- [Records from a collection]:
/---

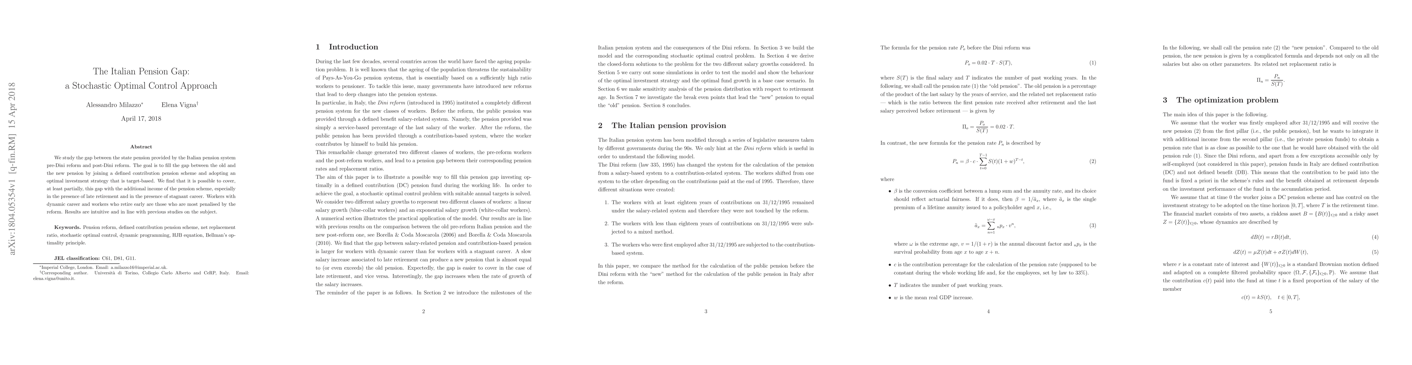 We study the gap between the state pension provided by the Italian pension system pre-Dini reform and post-Dini reform. The goal is to fill the gap between the old and the new pension by joining a defined contribution pension scheme and adopting an optimal investment strategy that is target-based. We find that it is possible to cover, at least partially, this gap with the additional income of the pension scheme, especially in the presence of late retirement and in the presence of stagnant career. Workers with dynamic career and workers who retire early are those who are most penalised by the reform. Results are intuitive and in line with previous studies on the subject.
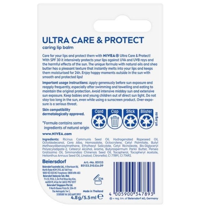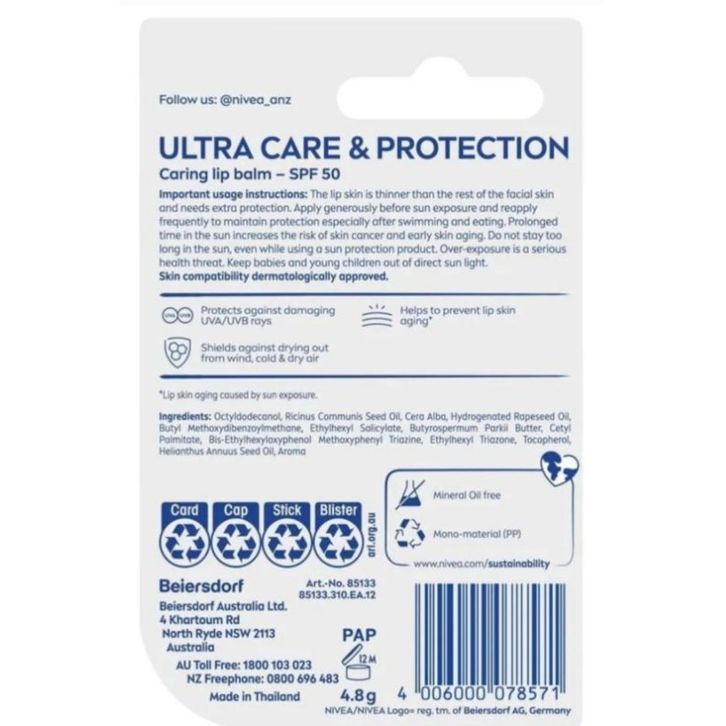 Lip SPF Nivea - Ultra Care & Protection SPF50 / SPF 30 Lip Balm 4,8g
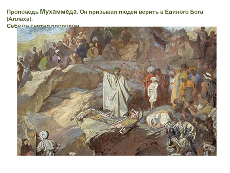 Слайд 20Проповедь Мухаммеда. Он призывал людей верить в Единого Бога(Аллаха).
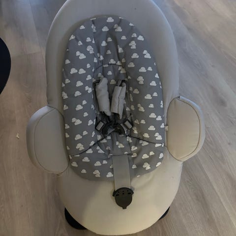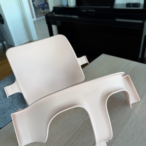 Stokke barnesete i beige farge. Setet har integrert sele med skulder- og skrittstropp. Plastbase med festepunkter for montering på kompatibelt understell. Egnet som barnesete for mindre barn, der barnet sitter fastspent i setet (maks 9 kg). Nøytral farge som passer til ulike interiører og barnevogn- eller stolmodeller som er kompatible med denne typen Stokke-sete.
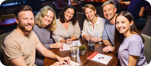 Отвечаете на вопросы на специальных бланках (всё выдадим на месте!), заказываете еду и напитки, классно проводите время
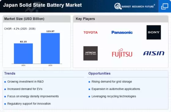 Technological advancements in battery manufacturing processes are significantly influencing the Japan Solid State Battery Market. Innovations such as the development of new solid electrolytes and improved manufacturing techniques are enhancing the performance and reducing the costs of solid-state batteries. Companies are investing heavily in automation and precision engineering to streamline production, which could lead to economies of scale. For example, major Japanese manufacturers are collaborating with research institutions to refine these technologies, aiming to bring high-performance solid-state batteries to market by the late 2020s. This trend suggests a promising future for the industry, as enhanced manufacturing capabilities may lead to wider adoption across various applications.
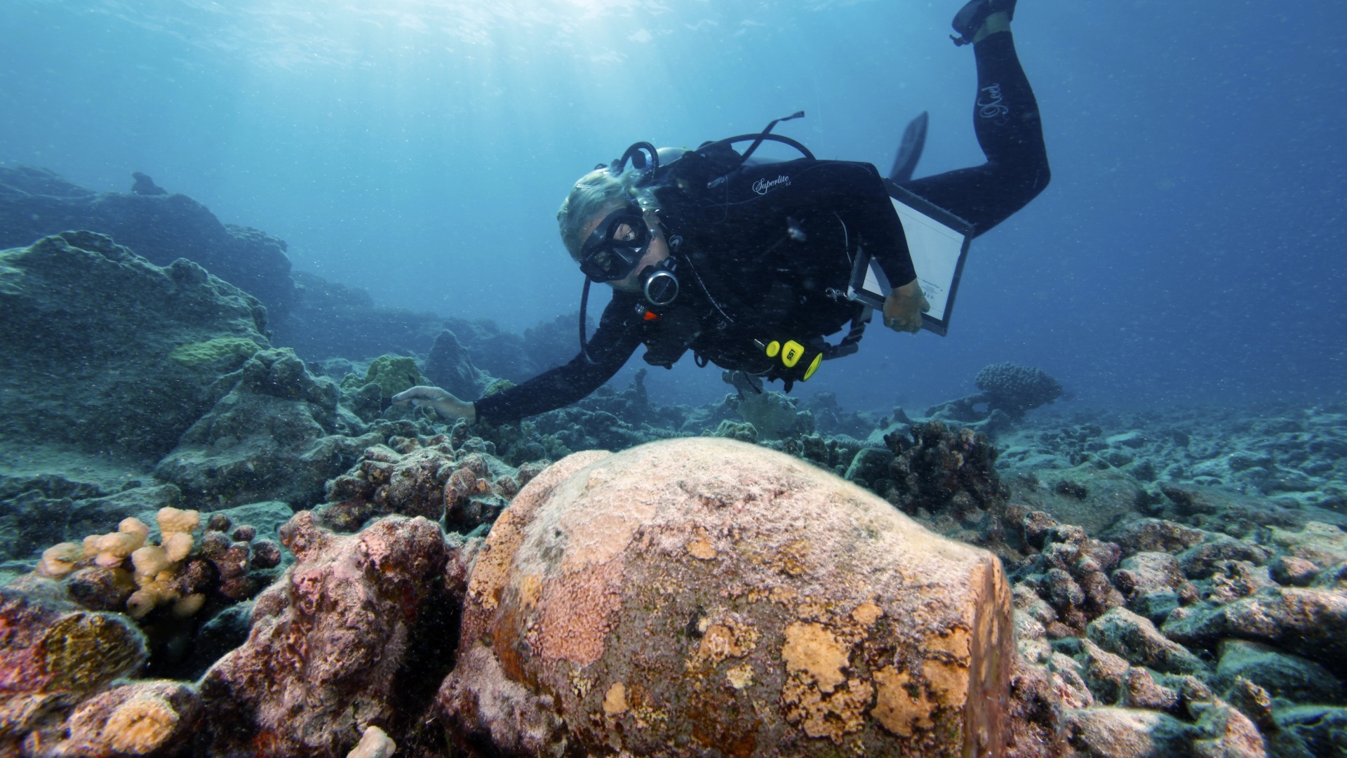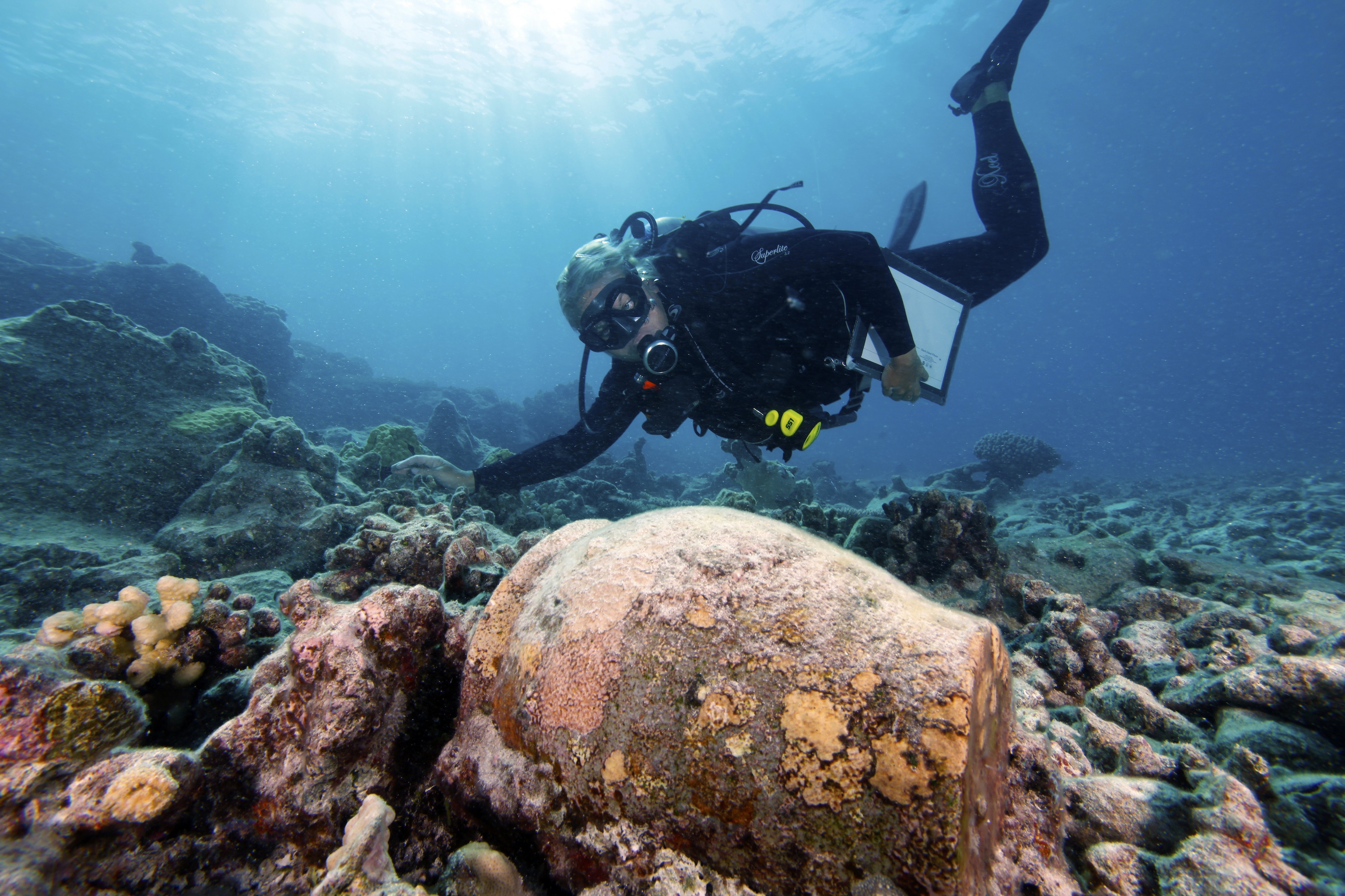 Yhdysvaltain meren- ja ilmastontutkimuslaitoksen NOAA:n meriarkeologi Kelly Gleason tutkimassa ruukkua Shark-saaren luona Papahānaumokuākean kansallispuistossa Havaijilla.
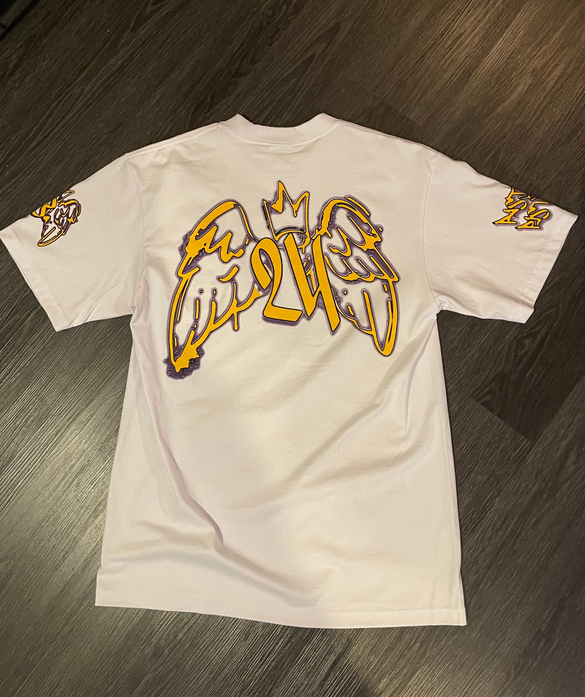 We’re beyond excited to unveil the Mamba Angel Tee, a tribute to the legendary Kobe Bryant, mastered by the Cotton Sniper. This 250 GSM hand-cut T-shirt, featuring vibrant purple and gold graffiti designs
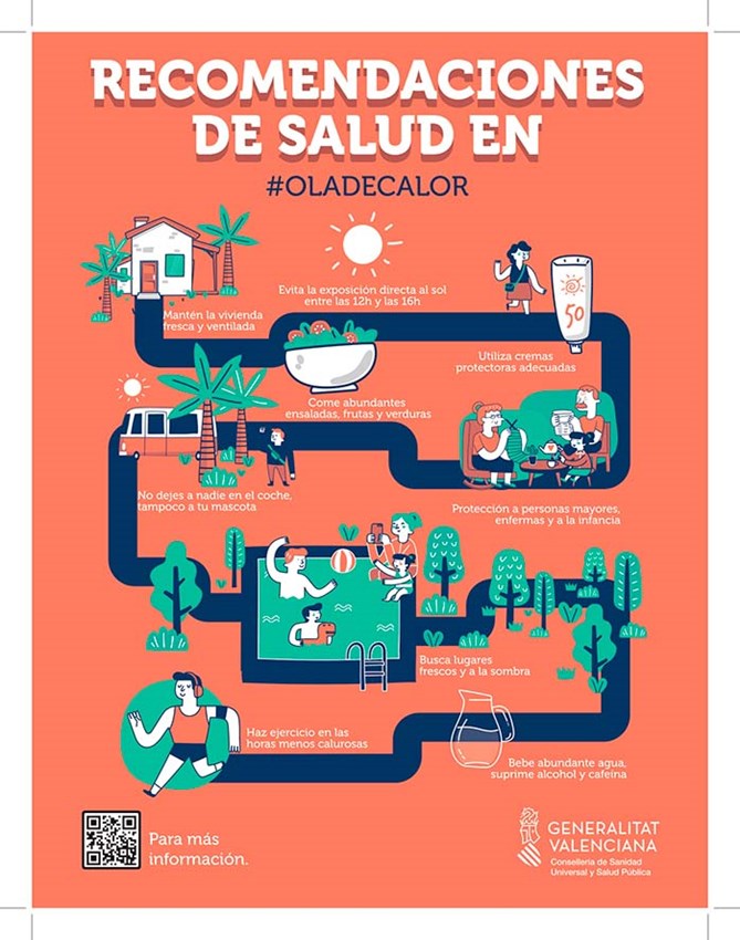 La concejalía de Sanidad del Ayuntamiento de Sagunto aconseja a la ciudadanía para cuidarse ante la ola de calor que vive actualmente el país. Aunque en la zona de Sagunto por el momento no hay un riesgo alto, se ofrecen algunas pautas a seguir para prevenir posibles golpes de calor u otras incidencias a causa de las altas temperaturas.
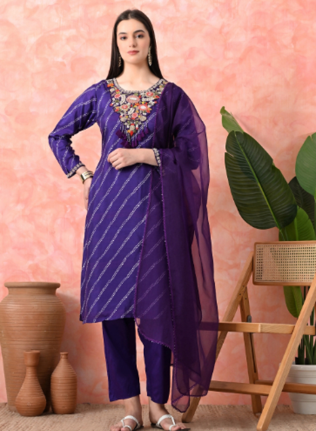 - Elevate your ethnic wardrobe with this stunning designer salwar suit set in a sophisticated purple shade. The suit features an elegant diagonal striped pattern embellished with delicate white detailing throughout. The highlight is its exquisite floral embroidery work around the neckline, showcasing vibrant coral, pink, and multicoloured thread work with intricate details. The full-sleeved kameez is perfectly complemented by matching straight-cut trousers and a flowing dupatta in the same rich shade. The ensemble's modern silhouette combines traditional craftsmanship with contemporary style, making it perfect for festive occasions, celebrations, or special events. The comfortable fit and premium fabric ensure both style and ease of movement. The suit is adorned with beautiful tassels and decorative elements that add a touch of grace to the overall design. This versatile three-piece set brings together classic elegance with modern sophistication, making it a must-have addition to your ethnic wear collection.
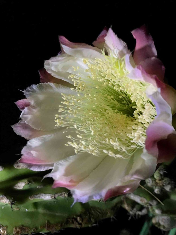 昨年の台風?でバキッと根元近くが折れて、横倒しになっていた柱サボテン🛏が、先程午後7時半位に開花しました。撮影は闇が深まった午後8時🕗🤳
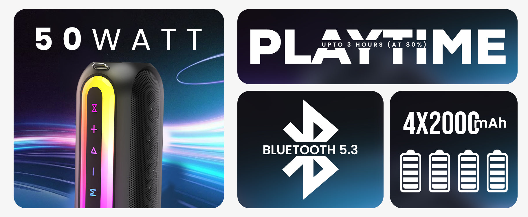 The Toreto Party Dynamo Bluetooth speaker is equipped with four 2000mAh rechargeable batteries that recharge in less than 3 hours with Type-C charging support.
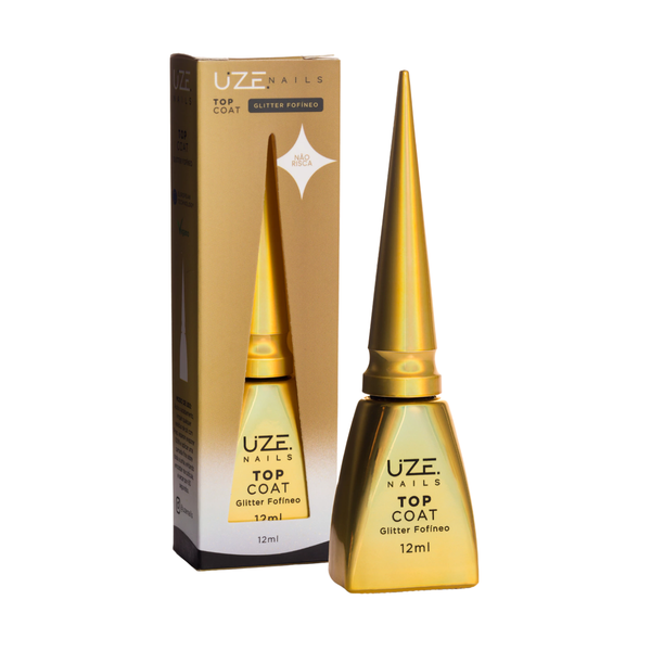 Finalizador transparente com brilhos e flakes dourados, brilho espelhado tipo diamante e alta resistência a riscos. Fórmula fina, durável e que não amarela, mesmo com contato com acetona ou maquiagem.
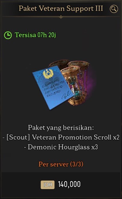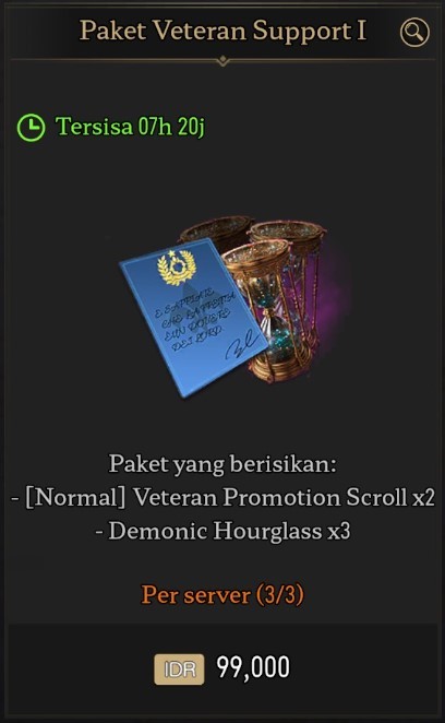 Paket yang berisikan [Normal] Veteran Promotion Scroll 2x dan Demonic Hourglass 3x.
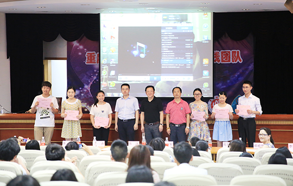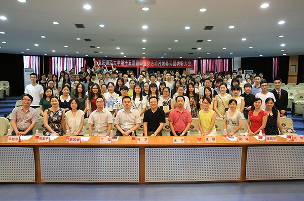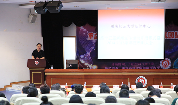 6月11日下午,我校第15届新闻宣传活动月闭幕式暨2014-2015学年度表彰大会在凯撒报告厅举行。我校党委宣传部部长陈洪,副部长徐赤、王军,新闻中心指导老师、毕业生代表及新闻中心全体成员齐聚会场。

\---

A faithful copy of every record is needed here. Leave the images out of it.

 We study the gap between the state pension provided by the Italian pension system pre-Dini reform and post-Dini reform. The goal is to fill the gap between the old and the new pension by joining a defined contribution pension scheme and adopting an optimal investment strategy that is target-based. We find that it is possible to cover, at least partially, this gap with the additional income of the pension scheme, especially in the presence of late retirement and in the presence of stagnant career. Workers with dynamic career and workers who retire early are those who are most penalised by the reform. Results are intuitive and in line with previous studies on the subject.
 Lip SPF Nivea - Ultra Care & Protection SPF50 / SPF 30 Lip Balm 4,8g
 Слайд 20Проповедь Мухаммеда. Он призывал людей верить в Единого Бога(Аллаха).
 Stokke barnesete i beige farge. Setet har integrert sele med skulder- og skrittstropp. Plastbase med festepunkter for montering på kompatibelt understell. Egnet som barnesete for mindre barn, der barnet sitter fastspent i setet (maks 9 kg). Nøytral farge som passer til ulike interiører og barnevogn- eller stolmodeller som er kompatible med denne typen Stokke-sete.
 Отвечаете на вопросы на специальных бланках (всё выдадим на месте!), заказываете еду и напитки, классно проводите время
 Technological advancements in battery manufacturing processes are significantly influencing the Japan Solid State Battery Market. Innovations such as the development of new solid electrolytes and improved manufacturing techniques are enhancing the performance and reducing the costs of solid-state batteries. Companies are investing heavily in automation and precision engineering to streamline production, which could lead to economies of scale. For example, major Japanese manufacturers are collaborating with research institutions to refine these technologies, aiming to bring high-performance solid-state batteries to market by the late 2020s. This trend suggests a promising future for the industry, as enhanced manufacturing capabilities may lead to wider adoption across various applications.
 Yhdysvaltain meren- ja ilmastontutkimuslaitoksen NOAA:n meriarkeologi Kelly Gleason tutkimassa ruukkua Shark-saaren luona Papahānaumokuākean kansallispuistossa Havaijilla.
 We’re beyond excited to unveil the Mamba Angel Tee, a tribute to the legendary Kobe Bryant, mastered by the Cotton Sniper. This 250 GSM hand-cut T-shirt, featuring vibrant purple and gold graffiti designs
 La concejalía de Sanidad del Ayuntamiento de Sagunto aconseja a la ciudadanía para cuidarse ante la ola de calor que vive actualmente el país. Aunque en la zona de Sagunto por el momento no hay un riesgo alto, se ofrecen algunas pautas a seguir para prevenir posibles golpes de calor u otras incidencias a causa de las altas temperaturas.
 - Elevate your ethnic wardrobe with this stunning designer salwar suit set in a sophisticated purple shade. The suit features an elegant diagonal striped pattern embellished with delicate white detailing throughout. The highlight is its exquisite floral embroidery work around the neckline, showcasing vibrant coral, pink, and multicoloured thread work with intricate details. The full-sleeved kameez is perfectly complemented by matching straight-cut trousers and a flowing dupatta in the same rich shade. The ensemble's modern silhouette combines traditional craftsmanship with contemporary style, making it perfect for festive occasions, celebrations, or special events. The comfortable fit and premium fabric ensure both style and ease of movement. The suit is adorned with beautiful tassels and decorative elements that add a touch of grace to the overall design. This versatile three-piece set brings together classic elegance with modern sophistication, making it a must-have addition to your ethnic wear collection.
 昨年の台風?でバキッと根元近くが折れて、横倒しになっていた柱サボテン🛏が、先程午後7時半位に開花しました。撮影は闇が深まった午後8時🕗🤳
 The Toreto Party Dynamo Bluetooth speaker is equipped with four 2000mAh rechargeable batteries that recharge in less than 3 hours with Type-C charging support.
 Finalizador transparente com brilhos e flakes dourados, brilho espelhado tipo diamante e alta resistência a riscos. Fórmula fina, durável e que não amarela, mesmo com contato com acetona ou maquiagem.
 Paket yang berisikan [Normal] Veteran Promotion Scroll 2x dan Demonic Hourglass 3x.
 6月11日下午,我校第15届新闻宣传活动月闭幕式暨2014-2015学年度表彰大会在凯撒报告厅举行。我校党委宣传部部长陈洪,副部长徐赤、王军,新闻中心指导老师、毕业生代表及新闻中心全体成员齐聚会场。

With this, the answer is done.